说到这,丁洛灵看向陈鱼羊,语气稍微柔和了一些,但态度依旧坚决:
“苏秦确实获得了果位的关注,有了被看见的资格。”
“但……他的修为,终究还是太低了。”
“通脉五层,在我们这群人里,连自保都勉强。”
“连二级院的底蕴都没有积累完成,连那一身的‘术’都没有转化为‘道’……”
“甚至连七品法术都没有掌握...”
“这么早邀请他加入薪火社,让他接触到那些关于三级院、关于官场、关于神权的沉重话题……”
“对他而言,未必是好事。”
“甚至可能……是一种揠苗助长。
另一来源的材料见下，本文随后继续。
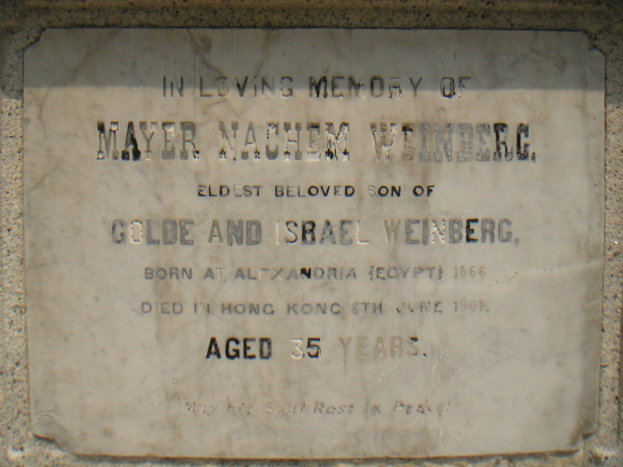 | Inscription (Eng) | IN LOVING MEMORY OF MAYER NACHEM WEINBERG, ELDEST BELOVED SON OF GOLDE AND ISRAEL WEINBERG, BORN AT ALEXANDRIA {EGYPT} 1866 DIED IN HONGKONG 8TH JUNE 1901. AGED 35 YEARS. MAY HIS SOUL REST IN PEACE! |

”
丁洛灵的话,虽然不中听,却句句在理。
薪火社讨论的话题,往往涉及到了极为高深的层面,甚至是某种禁忌。
让一个根基未稳的新人过早介入,不仅帮不上忙,反而可能坏了他的道心。
“嗯……”
顾池沉吟片刻,点了点头,附和道:
“丁师妹说得在理。”
“我们的步子太快了,他现在……跟不上。”
“若是强行拉他进来,只怕会让他产生依赖,反而失了那股子独自闯荡的锐气。”
“再者……”
顾池看了一眼陈鱼羊,苦笑道:
“咱们现在商讨的,多是关于三级院‘破格’任务的布局,以及各自家族在官场上的消息互换。”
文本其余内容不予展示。